Hills Claire E, Squires Paul E, Bland Rosemary
Department of Biological Sciences, Biomedical Research Institute, The University of Warwick, Coventry CV4 7AL, UK.
J Endocrinol. 2008 Dec;199(3):343-9. doi: 10.1677/JOE-08-0295. Epub 2008 Jul 24.
Diabetes is associated with a number of side effects including retinopathy, neuropathy, nephropathy and hypertension. Recent evidence has shown that serum and glucocorticoid regulated kinase-1 (SGK1) is increased in models of diabetic nephropathy. While clearly identified as glucocorticoid responsive, SGK1 has also been shown to be acutely regulated by a variety of other factors. These include insulin, hypertonicity, glucose, increased intracellular calcium and transforming growth factor-beta, all of which have been shown to be increased in type II diabetes. The principal role of SGK1 is to mediate sodium reabsorption via its actions on the epithelial sodium channel (now known as sodium channel, nonvoltage-gated 1). Small alterations in the sodium resorptive capacity of the renal epithelia may have dramatic consequences for fluid volume regulation, and SGK1 maybe responsible for the development of hypertension associated with diabetes. This short commentary considers the evidence that supports the involvement of SGK1 in diabetic hypertension, but also discusses how aberrant sodium reabsorption may account for the cellular changes seen in the nephron.

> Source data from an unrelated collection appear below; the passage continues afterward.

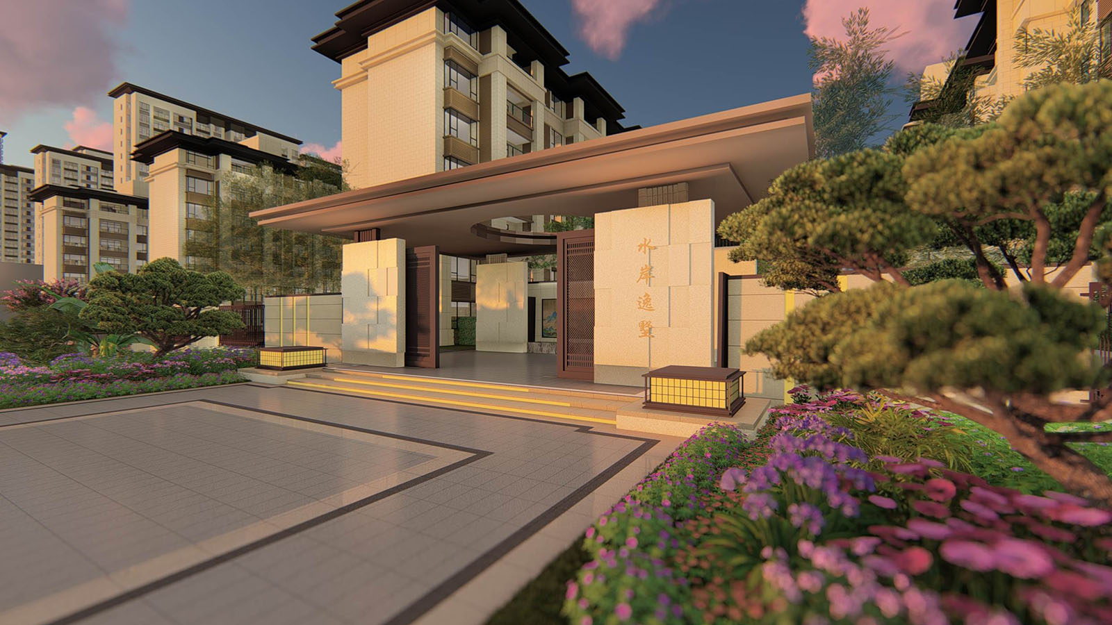 鏡面水景及景墻屏風(fēng)的脈絡(luò)肌理與地塊東側(cè)的南湖相呼應(yīng),以此與南湖·水岸逸墅案名產(chǎn)生共鳴,景觀將月印萬(wàn)川,處處皆圓為文化內(nèi)涵具象,寓意萬(wàn)川歸源,圓融無(wú)礙,精英階層的生活處事態(tài)度與精神追求。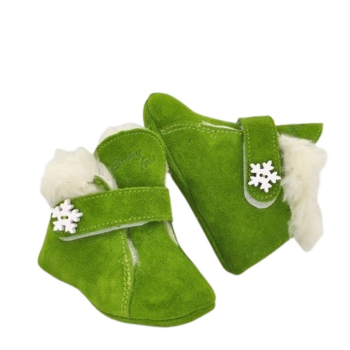 Ghetute pentru copii Barefoot Baby fox Bit Fulg de nea Nappa Verde cu bareta, imblanite, din piele naturala marime 17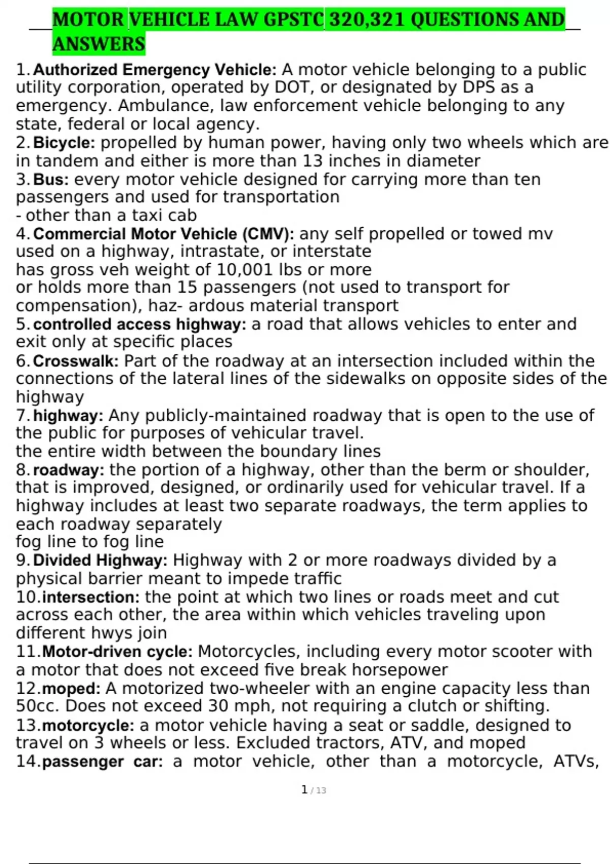 MOTOR VEHICLE LAW GPSTC 320,321 QUESTIONS AND ANSWERS 1. Authorized Emergency Vehicle: A motor vehicle belonging to a public utility corporation, operated by DOT, or designated by DPS as a emergency. Ambulance, law enforcement vehicle belonging to any state, federal or local agency. 2. Bicycle: propelled by human power, having only two wheels which are in tandem and either is more than 13 inches in diameter 3. Bus: every motor vehicle designed for carrying more than ten passengers and used for transportation - other than a taxi cab 4. Commercial Motor Vehicle (CMV): any self propelled or towed mv used on a highway, intrastate, or interstate has gross veh weight of 10,001 lbs or more or holds more than 15 passengers (not used to transport for compensation), haz- ardous material transport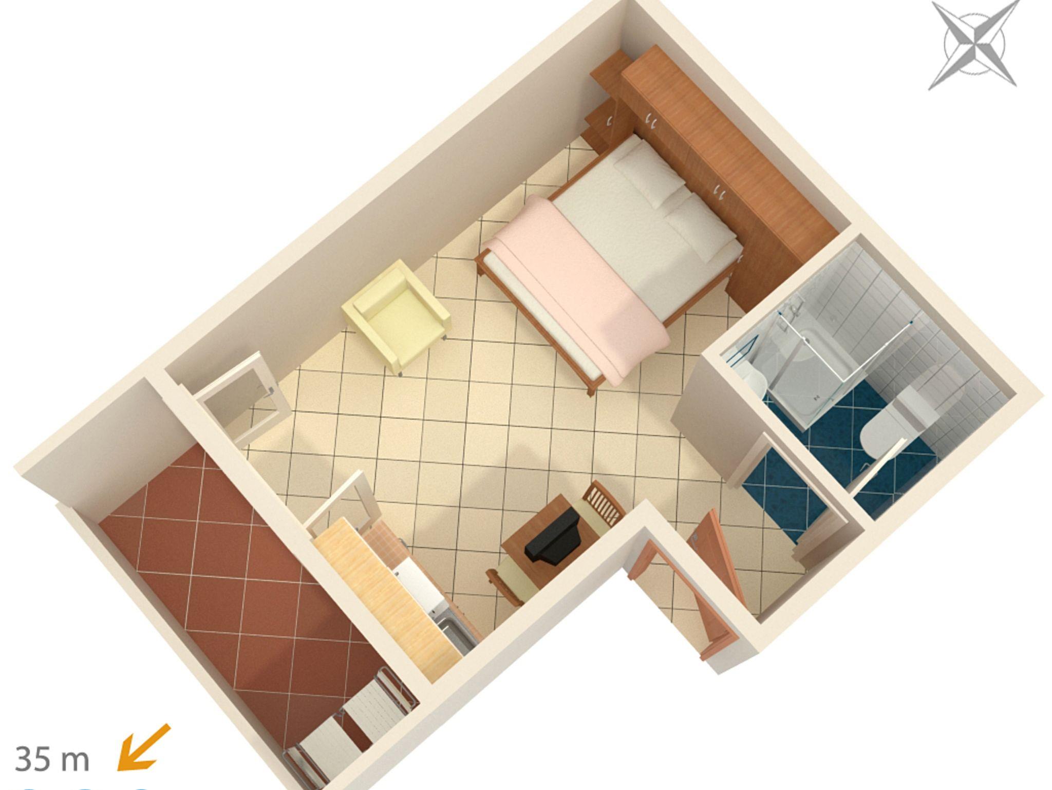Studio bietet Platz für 3 Gäste. Die Betten sind in Schlafzimmern, die es 1 gibt, innerhalb einer Gesamtfläche von 18m2, angeordnet. Die Gäste haben einen eigenen Balkon zur Verfügung, auf der sie in warmen Sommernächten genießen können. Das Studio-Apartment bietet Meerblick. Es ist erlaubt, Speisen auf dem Gemeinschafts-Grill vorzubereiten. IM PREIS INBEGRIFFEN: Kurtaxe, Endreinigung, Parkplatz, Internet, Kinderbett, Bügeleisen, Bügelbrett, Föhn, Sonnenschirm. VERBINDLICHE ZUSÄTZLICHE KOSTEN: Aufzahlung für Kurzaufenthalte (prozentualer Zuschlag pro Nächtigungsanzahl: 30% - 1, 20% - 2, 10% - 3). UNVERBINDLICHE ZUSÄTZLICHE KOSTEN: Klimatisierung (0,50 € pro Stunde), Wäschewaschen (5,00 € Waschen). Die Verfügbarkeit zusätzlicher Dienstleistungen in Ihrem reservierten Termin und die Preise derselben (falls nicht aufgeführt) müssen im Voraus überprüft werden. Zusätzliche Dienstleistungen die in der Zahlungsaufforderung nicht aufgeführt sind werden direkt beim Vermieter bezahlt, angenommen der Gast nutzt auch diese. Ermäßigung auf den Grundpreis: Gratistag 28=25 (bei einem Aufenthalt von 28 oder mehr Tagen erhalten Sie 3 kostenlose Tage für den Aufenthalt bis 31.12.26).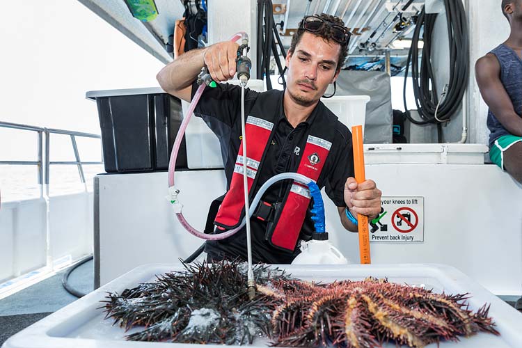 COTS worker demonstrating the chemical injection process to kill crown of thorns starfish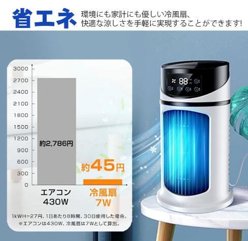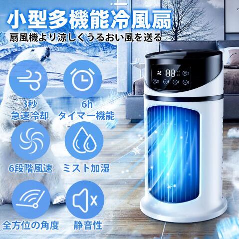 冷風扇 冷風機 卓上 コンパクト 氷 冷却 加湿 静音 6段階風量 タイマ一機能 小型 USB給電 ポータブルエアコン 扇風機 ミニクーラー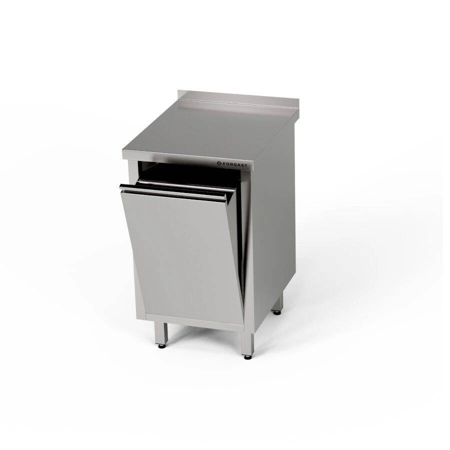 Stôl s výklopným košom z nehrdzavejúcej ocele J4 s rozmermi 50x70x85 cm.

糖尿病与多种副作用相关,包括视网膜病变、神经病变、肾病和高血压。最近的证据表明,在糖尿病肾病模型中,血清和糖皮质激素调节激酶-1(SGK1)水平升高。虽然SGK1被明确认为对糖皮质激素有反应,但它也已被证明受到多种其他因素的急性调节。这些因素包括胰岛素、高渗性、葡萄糖、细胞内钙增加和转化生长因子-β,所有这些在II型糖尿病中均已显示升高。SGK1的主要作用是通过其对上皮钠通道(现称为非电压门控钠通道1)的作用来介导钠重吸收。肾上皮细胞钠重吸收能力的微小改变可能对液体量调节产生巨大影响,并且SGK1可能是糖尿病相关高血压发生的原因。这篇简短的评论考虑了支持SGK1参与糖尿病性高血压的证据,但也讨论了异常的钠重吸收如何解释在肾单位中看到的细胞变化。